» **Supplied information**:
-- Opening Marker --

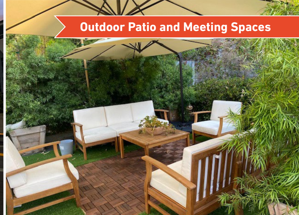
Outdoor Patio and Meeting Spaces
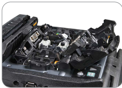
Wind Protector Open
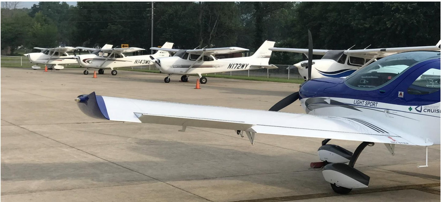
Alpha Flight aircraft staged for Culver Academies Summer Camp

Additional items that have been addressed for safety are the 2017 addition of an AWOS III system with local funds and a recent change to the airport UNICOM/CTAF frequency to a very discrete frequency. The AWOS has the benefit of offering current weather to pilots for much safer operations. The local radio frequency change was primarily for the benefit of the newly added flight schools intensive training but gives the airport a much safer approach for all traffic no longer being "Com jammed" from other area airports. This frequency change was rather easy to do and has been a major improvement for our traffic's safety.

-- Closing Marker --

» **Action item**: Retype the data above as given, letting no picture into the copy.

» **Worked solution**:
Outdoor Patio and Meeting Spaces
Wind Protector Open
Alpha Flight aircraft staged for Culver Academies Summer Camp

Additional items that have been addressed for safety are the 2017 addition of an AWOS III system with local funds and a recent change to the airport UNICOM/CTAF frequency to a very discrete frequency. The AWOS has the benefit of offering current weather to pilots for much safer operations. The local radio frequency change was primarily for the benefit of the newly added flight schools intensive training but gives the airport a much safer approach for all traffic no longer being "Com jammed" from other area airports. This frequency change was rather easy to do and has been a major improvement for our traffic's safety.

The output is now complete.